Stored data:
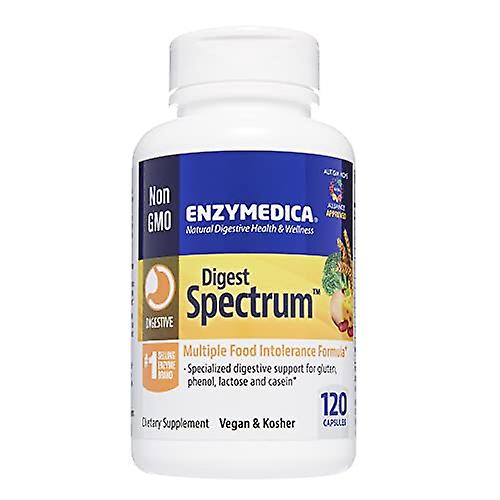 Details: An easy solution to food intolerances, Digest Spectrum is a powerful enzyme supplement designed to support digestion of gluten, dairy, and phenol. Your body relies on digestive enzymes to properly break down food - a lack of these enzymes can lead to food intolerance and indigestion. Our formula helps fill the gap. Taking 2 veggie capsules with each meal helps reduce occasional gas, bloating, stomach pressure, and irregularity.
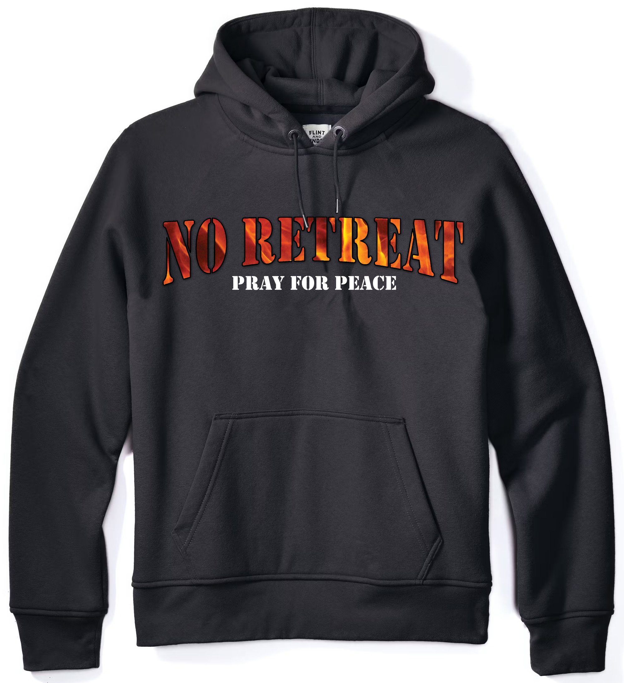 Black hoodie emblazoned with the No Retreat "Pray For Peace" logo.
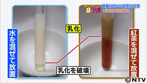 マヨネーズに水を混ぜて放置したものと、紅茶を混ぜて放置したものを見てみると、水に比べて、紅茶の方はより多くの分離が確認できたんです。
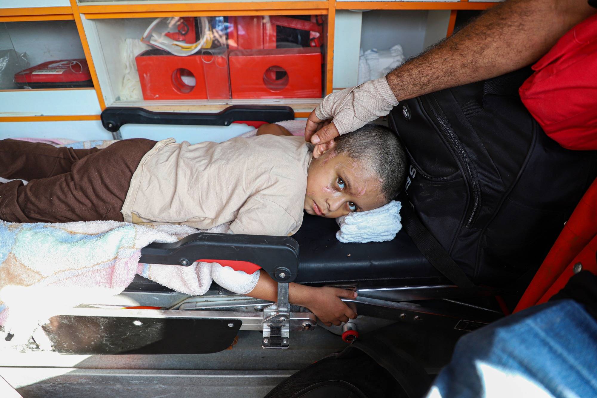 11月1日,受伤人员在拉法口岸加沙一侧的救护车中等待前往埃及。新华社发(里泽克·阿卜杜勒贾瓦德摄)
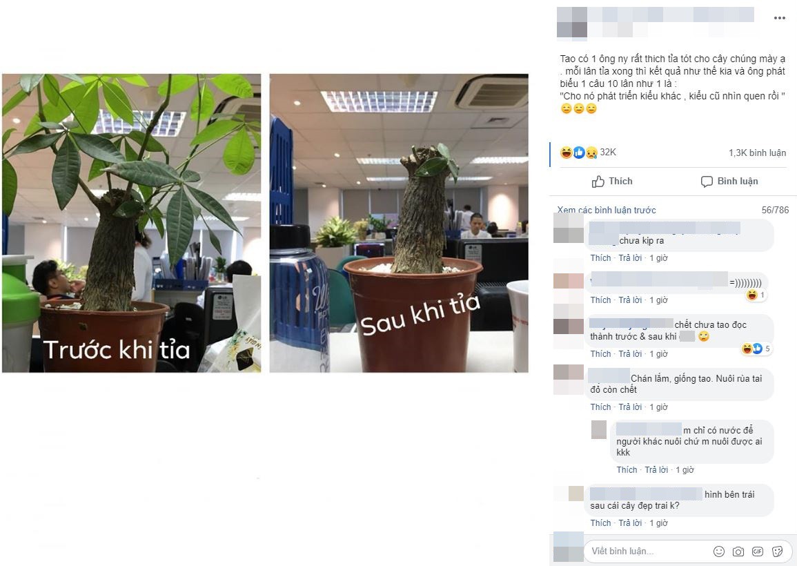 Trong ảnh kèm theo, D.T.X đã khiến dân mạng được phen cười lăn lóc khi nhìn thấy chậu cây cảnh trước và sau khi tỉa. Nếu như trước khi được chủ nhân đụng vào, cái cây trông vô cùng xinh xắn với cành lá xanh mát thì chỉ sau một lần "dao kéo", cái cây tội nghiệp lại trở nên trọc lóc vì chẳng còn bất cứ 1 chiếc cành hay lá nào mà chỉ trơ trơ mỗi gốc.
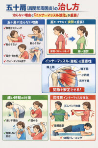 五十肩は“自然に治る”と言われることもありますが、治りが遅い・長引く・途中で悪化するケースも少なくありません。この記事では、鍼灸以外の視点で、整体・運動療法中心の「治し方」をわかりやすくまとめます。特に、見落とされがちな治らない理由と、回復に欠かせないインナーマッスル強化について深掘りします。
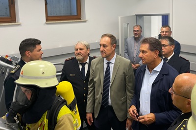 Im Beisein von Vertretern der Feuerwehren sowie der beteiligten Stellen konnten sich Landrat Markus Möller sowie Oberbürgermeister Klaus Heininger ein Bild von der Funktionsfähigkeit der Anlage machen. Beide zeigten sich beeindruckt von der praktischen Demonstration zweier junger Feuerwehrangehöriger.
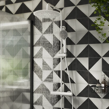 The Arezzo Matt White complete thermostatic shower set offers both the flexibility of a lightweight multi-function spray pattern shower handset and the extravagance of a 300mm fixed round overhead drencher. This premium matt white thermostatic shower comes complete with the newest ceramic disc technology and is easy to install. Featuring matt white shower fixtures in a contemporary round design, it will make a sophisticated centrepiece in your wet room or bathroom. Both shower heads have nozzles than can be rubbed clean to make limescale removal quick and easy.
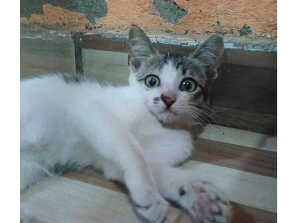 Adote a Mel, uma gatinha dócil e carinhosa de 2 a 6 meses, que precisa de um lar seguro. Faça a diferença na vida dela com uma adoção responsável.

◆ **Exercise description**: Please return all of the entries word for word, excluding the pictures.

◆ **Solution to this exercise**:
 Details: An easy solution to food intolerances, Digest Spectrum is a powerful enzyme supplement designed to support digestion of gluten, dairy, and phenol. Your body relies on digestive enzymes to properly break down food - a lack of these enzymes can lead to food intolerance and indigestion. Our formula helps fill the gap. Taking 2 veggie capsules with each meal helps reduce occasional gas, bloating, stomach pressure, and irregularity.
 Black hoodie emblazoned with the No Retreat "Pray For Peace" logo.
 マヨネーズに水を混ぜて放置したものと、紅茶を混ぜて放置したものを見てみると、水に比べて、紅茶の方はより多くの分離が確認できたんです。
 11月1日,受伤人员在拉法口岸加沙一侧的救护车中等待前往埃及。新华社发(里泽克·阿卜杜勒贾瓦德摄)
 Trong ảnh kèm theo, D.T.X đã khiến dân mạng được phen cười lăn lóc khi nhìn thấy chậu cây cảnh trước và sau khi tỉa. Nếu như trước khi được chủ nhân đụng vào, cái cây trông vô cùng xinh xắn với cành lá xanh mát thì chỉ sau một lần "dao kéo", cái cây tội nghiệp lại trở nên trọc lóc vì chẳng còn bất cứ 1 chiếc cành hay lá nào mà chỉ trơ trơ mỗi gốc.
 五十肩は“自然に治る”と言われることもありますが、治りが遅い・長引く・途中で悪化するケースも少なくありません。この記事では、鍼灸以外の視点で、整体・運動療法中心の「治し方」をわかりやすくまとめます。特に、見落とされがちな治らない理由と、回復に欠かせないインナーマッスル強化について深掘りします。
 Im Beisein von Vertretern der Feuerwehren sowie der beteiligten Stellen konnten sich Landrat Markus Möller sowie Oberbürgermeister Klaus Heininger ein Bild von der Funktionsfähigkeit der Anlage machen. Beide zeigten sich beeindruckt von der praktischen Demonstration zweier junger Feuerwehrangehöriger.
 The Arezzo Matt White complete thermostatic shower set offers both the flexibility of a lightweight multi-function spray pattern shower handset and the extravagance of a 300mm fixed round overhead drencher. This premium matt white thermostatic shower comes complete with the newest ceramic disc technology and is easy to install. Featuring matt white shower fixtures in a contemporary round design, it will make a sophisticated centrepiece in your wet room or bathroom. Both shower heads have nozzles than can be rubbed clean to make limescale removal quick and easy.
 Adote a Mel, uma gatinha dócil e carinhosa de 2 a 6 meses, que precisa de um lar seguro. Faça a diferença na vida dela com uma adoção responsável.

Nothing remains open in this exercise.